Introduction
Freezing semen enables commercialization on a global scale of sperm from animals with high genetic value (Moreno et al., 2013) favoring the development of the livestock sector (Zhang et al., 2015). However, spermatozoa are subjected to thermal, osmotic and oxidative stress throughout freezing and thawing processes, which results in plasma membrane alterations that compromise fertilization (Beran et al., 2013; Sieme et al., 2015). Additionally, studies on bovine semen have shown that sperm cryopreservation reduces motility, damages plasma and acrosomal membranes and decreases mitochondrial function (Celeghini et al., 2008).
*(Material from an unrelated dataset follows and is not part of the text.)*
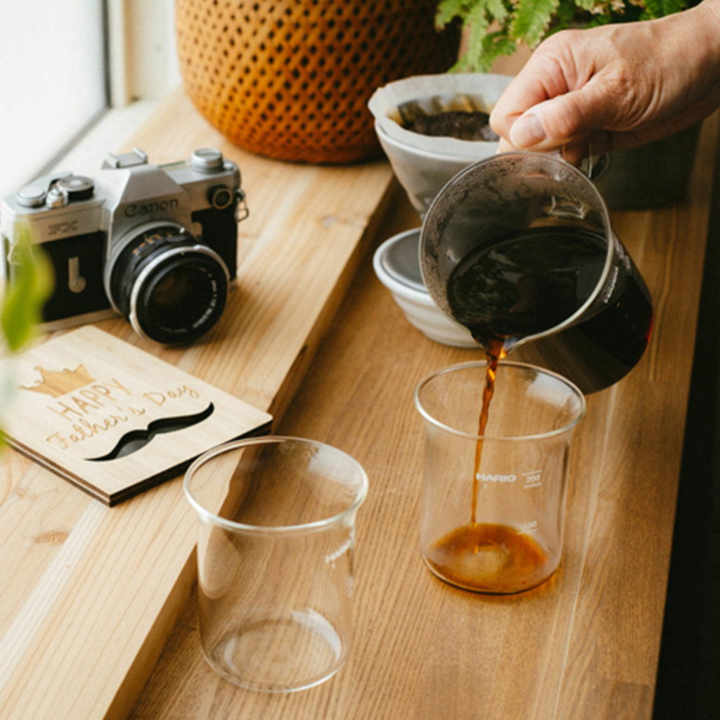 そして世界の研究者たちに長年使われ続けているビーカーをサーバーとして組み合わせた、ビーカーサーバー&ドリッパーセット。

Since the beginning of bovine semen cryopreservation, egg yolk and milk-based extenders have been used to protect sperm from the detrimental effects of cooling and freezing (Layek et al., 2016) despite they can transmit pathogens and interfere with microscopic observations (Amirat et al., 2004). Additionally, egg yolk contains substances that hinder sperm metabolism and reduce motility, acrosomal integrity, and fertilizing ability (Moreno et al., 2013). Anzar et al. (2019) hypothesized that egg yolk proteins mask the innate proteins of sperm plasma membrane, while semen dilution with protein-free extend would provide an opportunity to study mammalian sperm proteomics following cryopreservation. For these reasons, it is necessary to find alternatives to improve the quality of frozen semen.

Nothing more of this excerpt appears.